A Nigerian rebel leader wants the authorities to free a former governor charged with corruption or face renewed attacks on the oil industry. For VOA, Gilbert da Costa in Abuja reports the threat comes at a time when the region's militants are urging a united front to cripple oil production.
Tom Pullo is regarded as the supreme rebel commander in oil-rich Delta state, the home of embattled former governor James Onanefe Ibori, who is facing corruption trial.
Pullo told VOA his group will hit hard at the beleaguered oil industry at the expiration of his deadline.
"That 48 hours to the oil and gas companies to leave the Niger Delta, or else let the Federal Republic of Nigeria come and face us, we are ready for the," he said. "If they do not leave James Onanefe Ibori, we are ready for them. They cannot keep Onanefe Ibori under key and lock.

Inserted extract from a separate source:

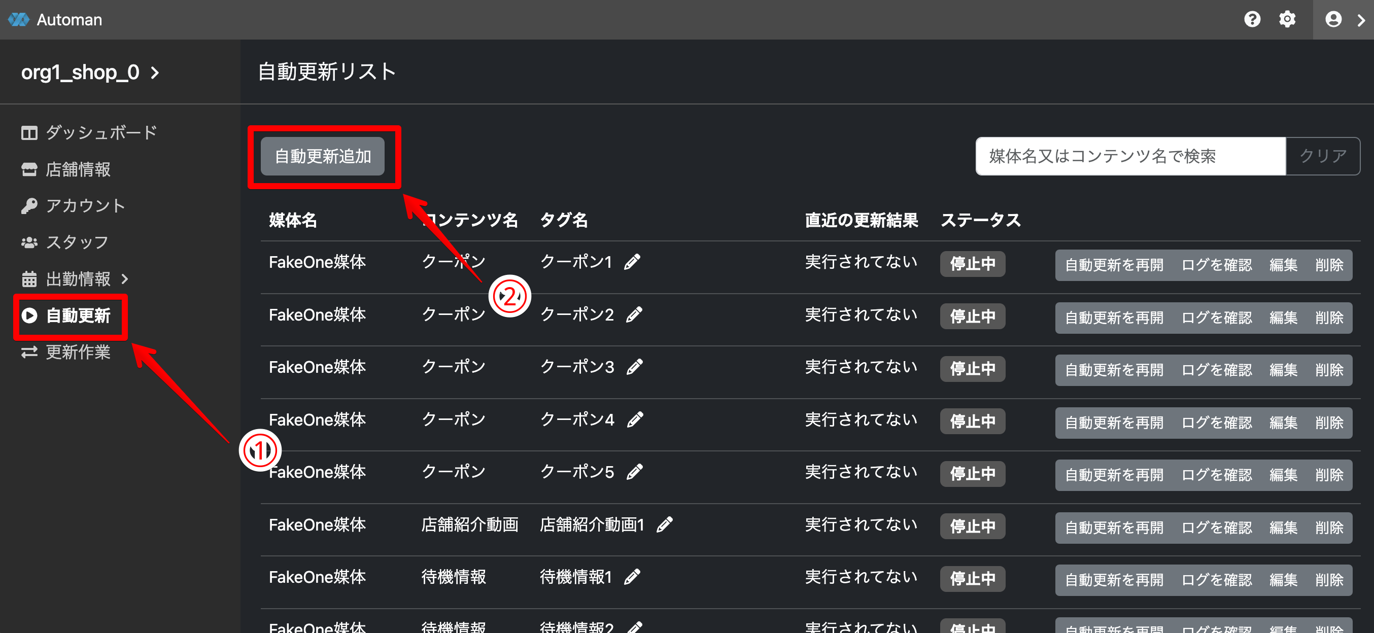 設定内容を保存し、自動更新リスト画面に戻り、自動更新を実行します。
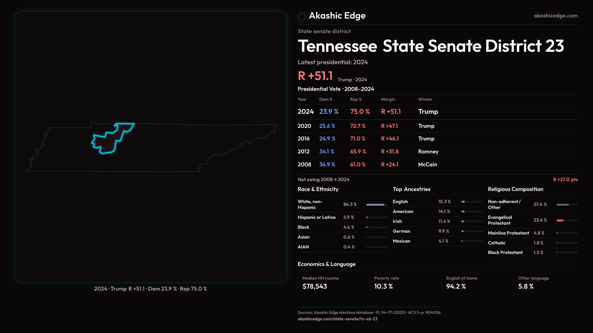 Read this geography's profile in three layers: local, state (where available), and national baseline.

Ibori fought for resource control that is our right, and we want him out."
Pullo, who was involved in a series of attacks on the oil industry in the past, is also upset that President Umaru Yar'Adua has granted only one of the several demands made by armed groups in the region when they declared a ceasefire in June.
The demands include the release of former governor Diepreye Alamieyesiagha, the withdrawal of troops from the region, the granting of greater local access to oil revenues, and the appointment of an ethnic Ijaw from the Niger Delta as oil minister.
The government has not responded to the threat, but many in the oil industry see it as a worrying sign of renewed violence in the oil-producing region.
Key militant leaders are now pressing rebel factions in the Niger Delta to unify their positions and join in a massive onslaught against the troubled oil industry.
Large amounts of oil revenues have been stolen by the region's leaders, many of whom are believed to have links to the militants.
Bombings and attacks since early 2006 by armed groups in the volatile delta have cut Nigeria's estimated 2.5 million barrel daily crude production by more than 20 percent.
Any further escalation of tensions could have grave implications for the Nigerian economy, which relies heavily on oil revenues.